The Loculus team maintain a customizable processing pipeline which uses [Nextclade](../../introduction/glossary/#nextclade) to align sequences to a reference and generate statistics, which is discussed in more detail below.

Using an existing pipeline is the fastest way to get started with Loculus, but it is also easy to develop new pipelines that use custom tooling and logic. The [preprocessing pipeline specification](https://github.com/loculus-project/loculus/blob/main/preprocessing/specification.md) describes the interface between a pipeline and the [Loculus backend server](../introduction/glossary.md#backend) and you can take a look at the code of the ["dummy pipeline"](https://github.com/loculus-project/loculus/tree/main/preprocessing/dummy) and the [Nextclade-based pipeline](https://github.com/loculus-project/loculus/tree/main/preprocessing/nextclade) (both examples are written in Python but it is possible to implement preprocessing pipelines in any programming language).

If you have developed a pipeline and would like it to be added to this list, please contact us!

## Nextclade-based pipeline

_Maintained by the Loculus team_

This pipeline supports all [schemas](../introduction/glossary/#schema) where each segment has one unique reference that it should be aligned to, e.g. the [one organism, multi-segment schema](./schema-designs.md#one-organism-for-everything) and the [multi-organism schema](./schema-designs.md#multiple-clearly-separated-organisms-each-with-one-reference).

This pipeline uses [nextclade run](https://docs.nextstrain.org/projects/nextclade/en/stable/user/nextclade-cli/reference.html#nextclade-run) for alignment, mutation calling, and quality checks. It relies on an existing [Nextclade dataset](https://docs.nextstrain.org/projects/nextclade/en/stable/user/datasets.html) with the same reference genome as the one used by Loculus, `nextclade` will also perform clade assignment and phylogenetic placement if the `dataset` includes this information. To use this pipeline for new pathogens, check if there is already an existing nextclade dataset for that pathogen [here](https://github.com/nextstrain/nextclade_data/tree/master/data), or follow the steps in the [dataset creation guide](https://github.com/nextstrain/nextclade_data/blob/master/docs/dataset-creation-guide.md) to create a new dataset. For example for mpox we use [nextstrain/mpox/all-clades](https://github.com/nextstrain/nextclade_data/tree/master/data/nextstrain/mpox/all-clades), defined in the `values.yaml` as:

```yaml
preprocessing:
- configFile:
nextclade_dataset_name: nextstrain/mpox/all-clades
```
Additionally the pipeline performs checks on the metadata fields. The checks are defined by custom preprocessing functions in the `values.yaml` file. These checks can be applied to and customized for other metadata fields, see [Preprocessing Checks](https://github.com/loculus-project/loculus/blob/main/preprocessing/nextclade/README.md#preprocessing-checks) for more info.
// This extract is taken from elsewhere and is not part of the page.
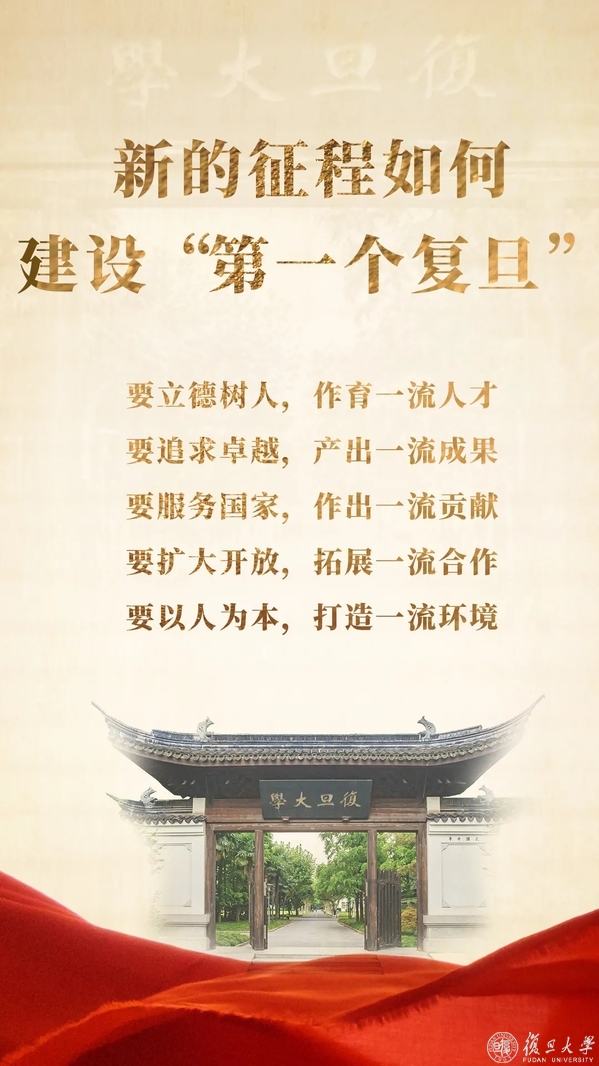站在新起点上,“第一个复旦”又该如何建设?要立德树人,作育一流人才;要追求卓越,产出一流成果;要服务国家,作出一流贡献;要扩大开放,拓展一流合作;要以人为本,打造一流环境。

In the default configuration the pipeline performs:
* **type checks**: Checks that the type of each metadata field corresponds to the expected `type` value seen in the config (default is string).
* **required value checks**: Checks that if a field is required, e.g. `required` field in config is true, that that field is not None.
* **INSDC-accepted country checks**: Using the `process_options` preprocessing function checks that the `geo_loc_country` field is set to an [INSDC-accepted country](https://www.ebi.ac.uk/ena/browser/api/xml/ERC000011) option.

The pipeline also formats metadata fields:
* **process date**: Takes a date string and returns a date field in the "%Y-%m-%d" format.
* **parse timestamp**: Takes a timestamp e.g. 2022-11-01T00:00:00Z and returns that field in the "%Y-%m-%d" format.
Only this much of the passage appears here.